***** Input for this task
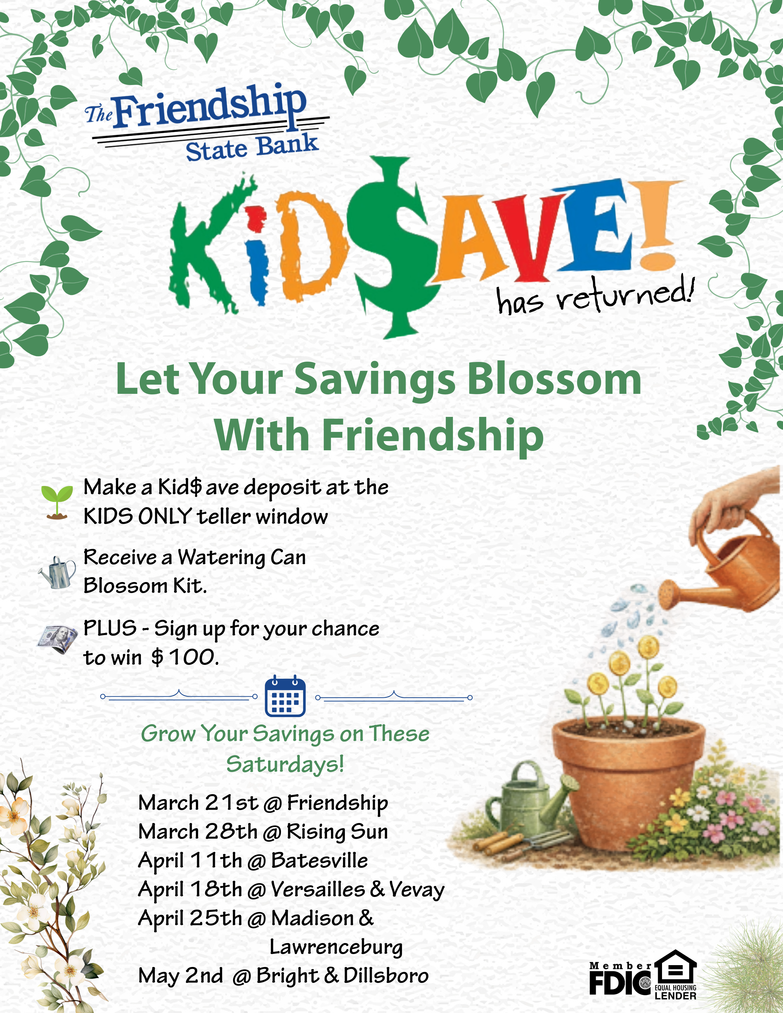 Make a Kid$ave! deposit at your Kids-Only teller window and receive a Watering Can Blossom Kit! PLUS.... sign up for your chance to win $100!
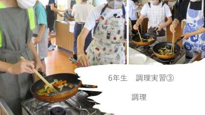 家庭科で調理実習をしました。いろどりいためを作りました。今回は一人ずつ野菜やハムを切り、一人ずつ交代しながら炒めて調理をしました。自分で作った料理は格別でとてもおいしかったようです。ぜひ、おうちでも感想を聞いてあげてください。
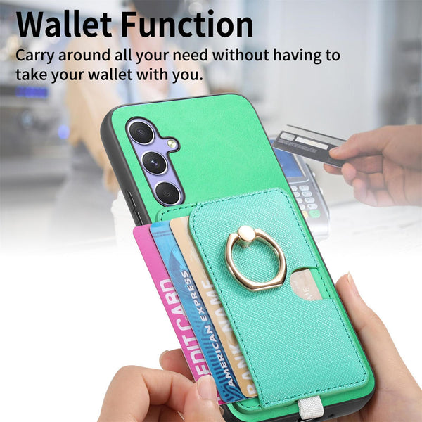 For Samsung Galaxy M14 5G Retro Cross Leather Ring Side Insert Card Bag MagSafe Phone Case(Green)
**********
***** Input for this task
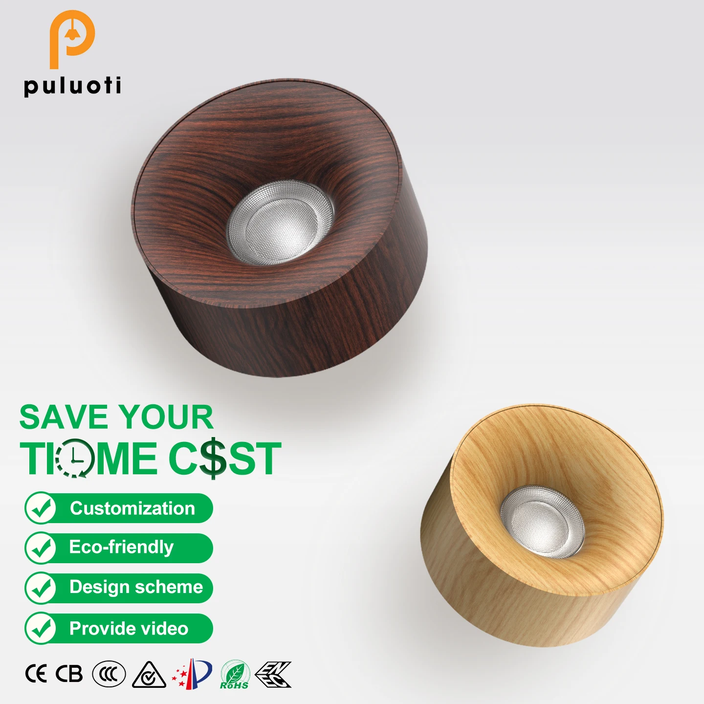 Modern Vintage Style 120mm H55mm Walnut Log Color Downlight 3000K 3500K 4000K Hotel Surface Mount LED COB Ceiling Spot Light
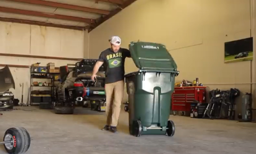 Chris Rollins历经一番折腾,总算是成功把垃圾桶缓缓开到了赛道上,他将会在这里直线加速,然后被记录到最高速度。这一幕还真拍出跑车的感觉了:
**********
***** Input for this task
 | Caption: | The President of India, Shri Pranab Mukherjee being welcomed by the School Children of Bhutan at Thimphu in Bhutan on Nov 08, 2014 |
**********
What you should do:
In the listing above, find the line containing "Modern Vintage Style" and the line containing "Chris Rollins历", then return both of them and every line between, exactly, without pictures.

Answer to the problem:
 Modern Vintage Style 120mm H55mm Walnut Log Color Downlight 3000K 3500K 4000K Hotel Surface Mount LED COB Ceiling Spot Light
 Chris Rollins历经一番折腾,总算是成功把垃圾桶缓缓开到了赛道上,他将会在这里直线加速,然后被记录到最高速度。这一幕还真拍出跑车的感觉了:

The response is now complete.